The error rate of a proofreading-proficient, high-fidelity, endogeneous polymerase in a eukaryotic cell is in the range of one error in a million nucleotides, says Tom Kunkel, a researcher at the National Institutes of Health who focuses on DNA replication fidelity4,5. “People have very different views as to what constitutes high fidelity,” he says. “And it's very much context-dependent.”

Some polymerases are faithful in that they continue copying DNA despite a lesion, such as when two pyrimidines are stuck to one another in the DNA backbone, says Kunkel. One example is DNA polymerase eta (Pol η), which, he says, is “one of the least accurate DNA polymerases.” It might match up nucleotides accurately only 90% of the time, which makes for fault-tolerant DNA replication. That can help explain how favorable mutations arise during development of the immune system, how cells survive all sorts of DNA-damaging insults, and how tumor cells survive DNA damage from chemotherapy.

For experiments geared toward genetic analysis, Kunkel and his team rarely use PCR, and when they do they sequence the amplified DNA such as the entire open reading frame of their gene of interest. “We do not make interpretations based on the accuracy of a PCR digestion product unless we very, very carefully consider signals to noise ratios,” he says.

High-throughput sequencing is a way to distinguish true mutation from artifacts, says bio-engineer Hadi, but statistical analysis of sequencing results can get challenging if the starting template is first amplified.

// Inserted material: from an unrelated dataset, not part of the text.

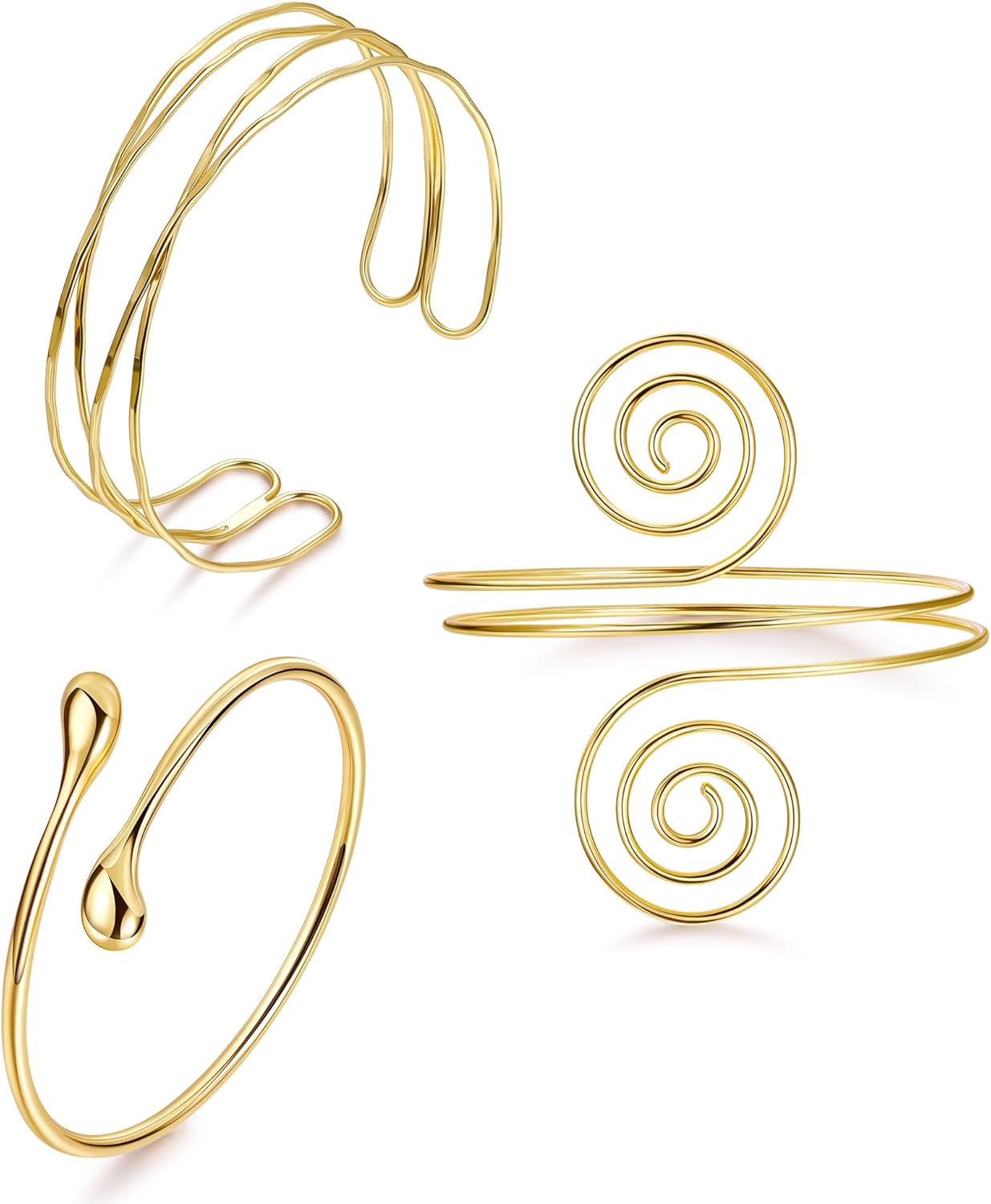 3Pcs Arm Cuff for Women Open Upper Arm Cuff Bangle Armlet Gold Silver Adjustable Armband Arm Bracelet Set

Researchers have an array of tricks to influence fidelity when working with DNA polymerases. With fossil DNA or damaged DNA, nicks or breaks make it hard for the DNA polymerase to assemble nucleotides. One trick Hadi uses to reduce the number of breaks prior to amplification is to first add DNA repair enzymes to a sample and incubate the DNA. And when a polymerase stalls when it reaches a GC-rich region, he sometimes will add an error-prone polymerase on purpose, which can kick-start the reaction. This enzyme will “die off” after a few thermocycles, after which he adds a high-fidelity enzyme.

Indirect factors to take into account with PCR-based DNA amplification include the fact that thermocycling deaminates cytosine, either cytosine in the pool of nucleotides added to a PCR reaction tube or a cytosine on the DNA backbone. Deaminated cytosine on the DNA backbone can appear to the polymerase as uracil, says Kunkel, which means there is a risk that what was a C-G pairing will become a T-A pairing. The deamination risk increases as the number of heating cycles rises.

Over the course of a PCR reaction, the nucleotide pool can become biased, with one type of nucleotide dominating the mix, says Hadi. Researchers rely on the spectrophotometer's accuracy to calculate concentrations but, he says, reagents are not always what they're supposed to be.

For microbial sequencing experiments, Hadi is concerned about the way polymerases are produced in yeast or bacteria. Even after purification, DNA from that organism might be retained with the polymerase, which is then amplified, especially with extended PCR cycles, he says. This stowaway DNA risks skewing experiments in which labs are comparing microbiomes from different environments.

Kunkel's lab mainly studies replication fidelity in budding yeast, which conserves the major enzymes in mice and humans. A view to the polymerase's crystal structure helps his lab study features that might affect fidelity. The team can increase or decrease fidelity by making strategic amino acid residue replacements and move from in vitro experiments to work in cells, yeast, human cells and mice to study the effects of the fidelity shift.

Kunkel says that he made some scientists and vendors uncomfortable when he first began publishing about the factors that lead to varying degrees of polymerase infidelity during DNA replication. That view has shifted, but it's still not exactly a pleasant truth that polymerases can be less faithful than labs think they are.

Scientists can calculate, based on first principles, the probability of events occurring in each cycle that can lead to errors in the PCR-amplified DNA, says Kunkel. “For the vast majority of uses of the PCR products, it's not particularly relevant,” he says. But in labs setting out to use individual molecules of the PCR reaction for further downstream work, “it's something to keep in mind.”